The why, though, is a tricky bastard. Why doesn't come along nicely; to ask why something exists is to combine the tangible and intangible aspects of possibility. There's two ways to look at it: there's one right answer, or there isn't. So here's how I have to understand the difference: if there was something we could do, in the real, actual world, that would have prevented something from being, then it's a how. If we we know the how, but can't do anything about it, then it's a why.

It sounds confusing, because I'm struggling to describe the abstractions I create in the wake of tragedy and because there are a bunch of factors that contribute to the violence we experienced last night.

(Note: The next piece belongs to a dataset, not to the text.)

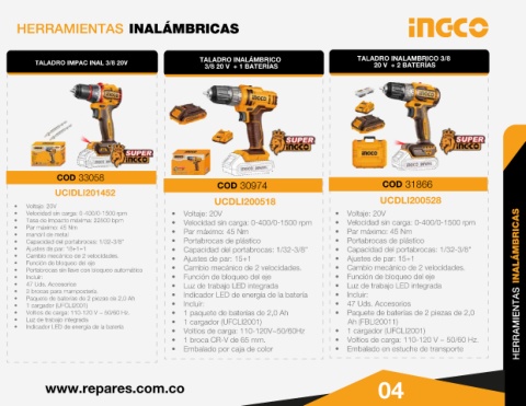 TALADRO IMPAC INAL 3/8 20V TALADRO INALÁMBRICO TALADRO INALAMBRICO 3/8
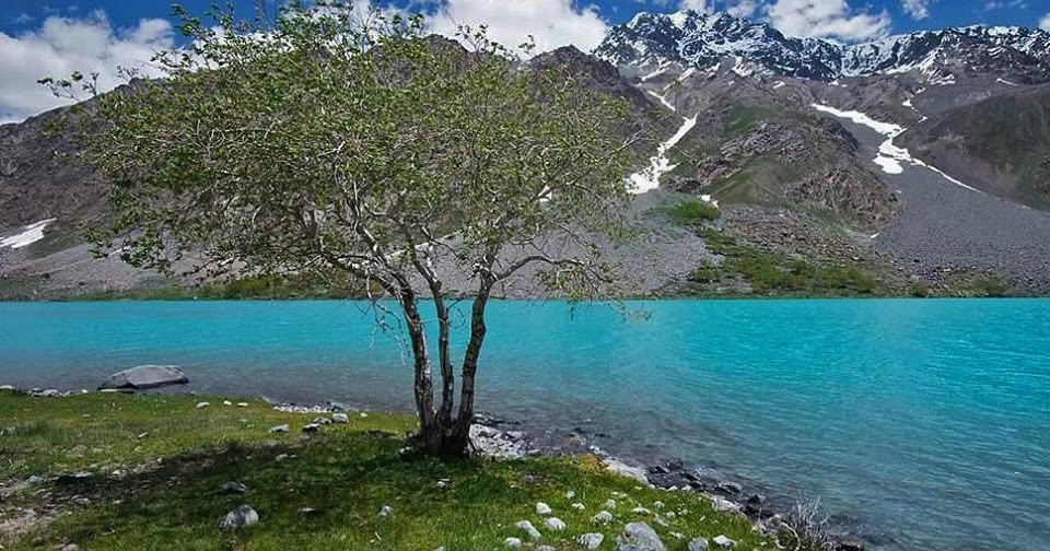 The lake appeared like a turquoise gemstone set between rugged peaks. Its water had a surreal blue color cleaner and brighter than most high-altitude lakes in Pakistan. The surrounding mountains stood tall, wearing patches of snow and shadow, while the sky played a dance of sunlight and clouds over the water.

First of all, we need to be absolutely certain that there is a political aspect to this. Over 500 people have been killed by the police this year. Some of those people were unarmed, and most of the unarmed were black. This might be retaliatory, but it might not be. The shooter, whoever he or she is, might have been opportunistic after realizing that there would be a large amount of police in a protest of police violence. It's possible, but highly unlikely.

But if it was politically motivated, then is there some action we could have taken that would have made the murder of five human beings and the serious injury of 9 others emotionally unreasonable, even by the standards of a sociopath, or logistically impossible by eliminating the means to accomplish it?

Why, and how. How did somebody do this? Why did somebody do this?

I'm going to tell you something awful. The why is all of us. We made this happen. You and me and everyone else, we let tragedies happen through complacency and silence. When a police officer kills an innocent person, and nobody holds him accountable, it's because nobody (including us) holds them accountable. We've put people in charge of investigating tragedy and punishing people responsible. If they don't do their jobs, then it's our job to find somebody who does.

You might be wondering if “doing our jobs” includes shooting innocent people. No. Violence is a reaction from weakness. To resort to violence is to acknowledge that you are so powerless that you need to gain some via the suffering of someone else. Those who gain power through violence never retain it. When the US (mostly Russia) defeated a tyrannical government in 1945, we gained power over Germany. We couldn't sustain that power. Germany now controls itself. In another scenario, we've been trying to assert power in the Middle East for decades, and all we've done is empowered one of the worst collections of pseudo-religious human garbage the world has ever seen.
Police officers depend on the power of the law to do their jobs. But sometimes the law doesn't protect them, or protect people from them. That's when bad things happen. There's a constant power struggle between people, and when we only provide violence to settle it, we are the ones to blame.
Power comes from the people, and right now, the people are fucking up.

That's why these things happen.


 We could change things. Maybe we will. But one thing is certain- it's going to be too late to save a lot of people, and that is on all of us.

My name is Sam.  I'm on Twitter.  swellbo@gmail.com is my email address.

1 comment:

  1. This is kind of why I ask people how can they be surprised by the shooter.

    No, no, no, I am NOT condoning the actions of the sniper. Of course not.

    But how can anyone be surprised? In an age in which our voice doesn't matter (at least in the democratic process), and a time in which innocent citizens are getting killed by cops with very little recourse, how could something like this not happen?